"I'll love you forever, I'll like you for always. As long as I'm living, my baby you'll be."
Senior 2013. I've seen that phrase many, many times over the past couple of months and every time it catches my breath. I feel like it reaches up off the page and grabs my heart with an unforgiving grip. My baby...my sweet little girl is graduating in 8 short months. I've been told to "hang on tight" because the senior year is wild and crazy. So far, it is certainly living up to its reputation. As though the reality of the first week of her senior year was not enough, we had to go ahead and order her cap and gown...the very first days of school. I breathe in with a slight twinge of anxiety on that one.
Tomorrow, I will be forced to dive even further into the reality of how little time I have with her. For tomorrow, we take senior pictures. I want so much to enjoy these times with her. How does a mother separate her sorrow from her joy? I look forward to seeing her have fun posing for my good friend Donna Evans. Donna is so good and will have her laughing in no time. Tori has such a great sense of style and knows exactly what she wants. Helping her choose her outfits has been fun. (Except for last night when she started having last minute wardrobe anxiety.) But honestly, she would make a potato sack look good! (I suppose I'm a little bias.) I just know the pictures are going to be wonderful. As I stand to the side and watch my daughter blossom in front of the camera, I'm sure reflections of the past and dreams of the future will be running through my mind.

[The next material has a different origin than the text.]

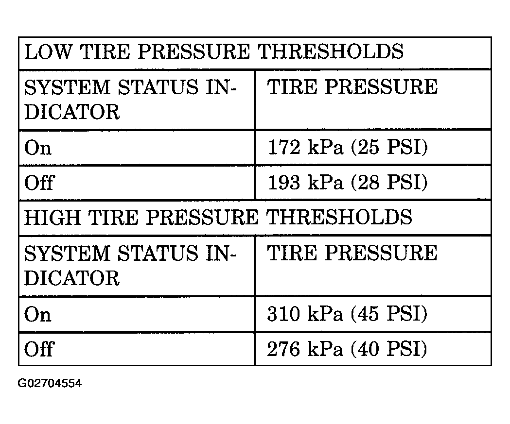 The EVIC will monitor the tire pressure signals from the four (or five) tire sensors and determine if any tire has gone below the low pressure threshold or raised above the high pressure threshold. Refer to Fig 1.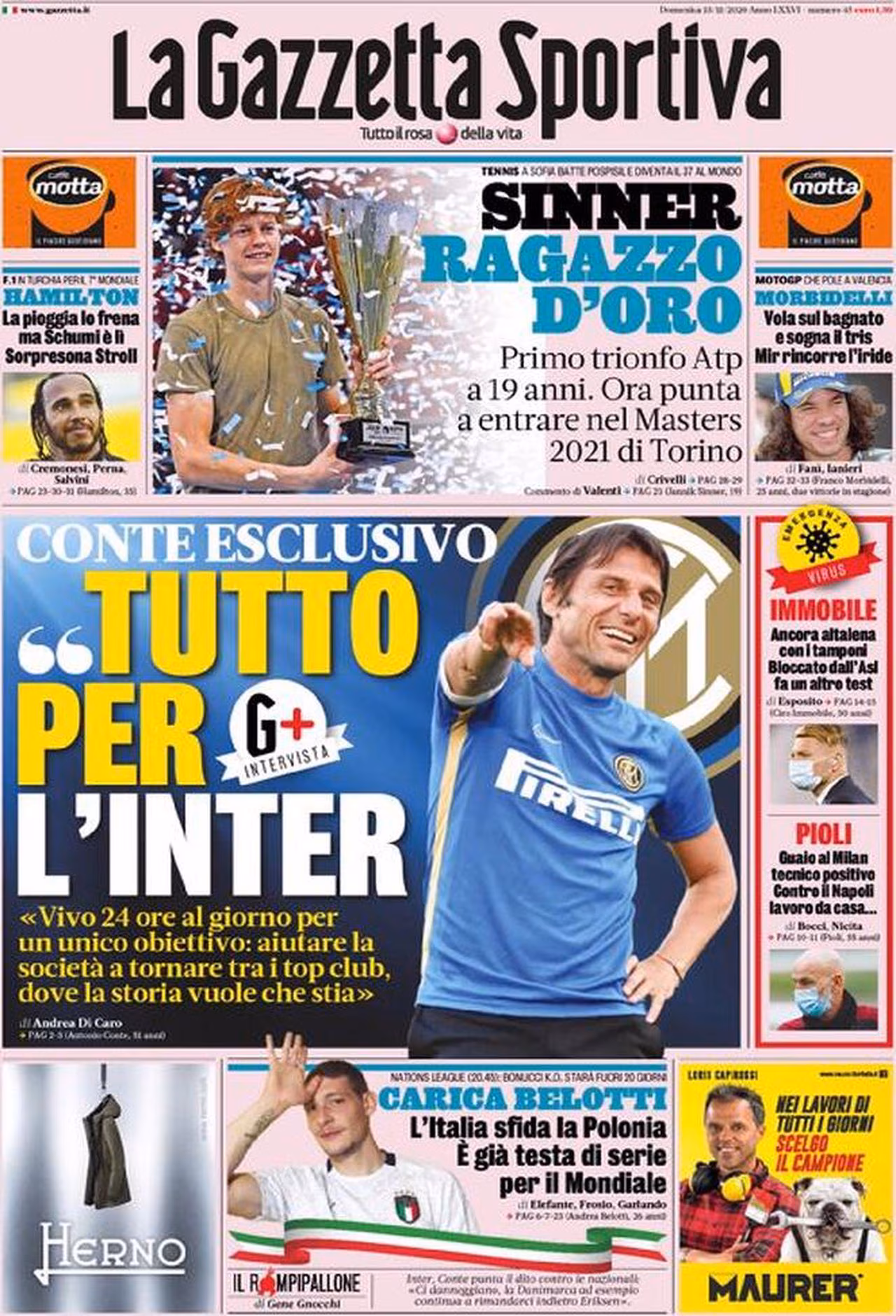 TORINO – Ecco la prima pagina de La Gazzetta dello Sport. Al centro viene dedicato il titolo principale all’ex allenatore della Juventus e della Nazionale Italiana Antonio Conte. Il tecnico, infatti, ha parlato in esclusiva al giornale milanese in un’intervista: “Conte esclusivo: ‘ Tutto per l’Inter. Vivo 24 ore al giorno per un unico obiettivo: aiutare la società a tornare tra i top club, dove la storia vuole che stia‘“. Il titolo in fondo, invece, viene dedicato agli impegni degli Azzurri, che questa sera affronteranno la Polonia: “Nations League (20:45): Bonucci K.O., starà fuori 20 giorni. Carica Belotti: l’Italia sfida la Polonia. È già testa di serie per il Mondiale“.

She has a promising future ahead of her. She has set her eyes on a college that we are very happy about. (Now we're believing God will provide a way.) She has a great head on her shoulders, as they say. She is a
girl young woman that lives her life for the Lord. She is a growing leader. She loves with her whole heart and is loyal to the end. She is everything we could ever dream of...and we can take very little credit for it all. We stand in wonder at who she has become. The future for her is truly exciting. I can only imagine how she is going to change the world around her. She's special. No really, she. is. special. I can't help but believe that the Lord has a big plan for her life. I know. I'm her momma. Of course I think those things. But if you know her, you believe it too.
Fear. That is what Rich and I battle. Fear that she will meet a boy, fall in love and then move far away. (Far = anything further than our backyard) Fear that she will get herself into a situation and not know what to do. Fear that she will carry on with her life and forget about us. Fear that we won't play an intimate part of her life anymore. Fear that she will go to Wal-Mart without us, in the middle of the night. Fear for the first time she is sick and I can't get to her to help take care of her. (Thank God for our close friends the Kennedys that will take really good care of her.) You want them to grow and become rock-awesome adults, but a part of you wants to hang on...forever. But that's not healthy and we know it.
Trust. That has to be the new word of the day. Trust that the Lord will condition our hearts and minds as He takes her hand and walks her through life. He's always been in control...we just forget it sometimes. Trust that we have raised her to make wise decisions. Trust that she will be safe. Trust that she will call home. Trust that she will want to come home for weekend visits. Trust that she will continue to be upfront and honest with us. Trust that she will continue to open up to us and have those deep, intimate conversations with us. Trust that our relationship is going to strengthen, not weaken.
I know these things can be done. I've seen mother after mother do it. I've seen some do it better than others. I want to be one that does it well. I need His wisdom and comfort as we travel into new waters with our "Senior 2013".
Lord God, may they be a graduating class that turns the world upside down for You. May Your glory and anointing be peculiarly strong upon them. May their hearts be made of good soil. May Your Word forever be rooted deep into their hearts. Protect them all Lord. Us mommas and daddies are scared spitless. Comfort us so that we do not all try to move into the dorm room across the hallway from them. Thank you Father that You knew this day would come and nothing in the future will be a surprise to You. Hold her hand and guide her with one hand, and hold ours in the other. We all need everything You've got as we transition into a new way of life. May we learn to look forward to upcoming celebrations. May the remaining days at home be filled with love and laughter. Amen.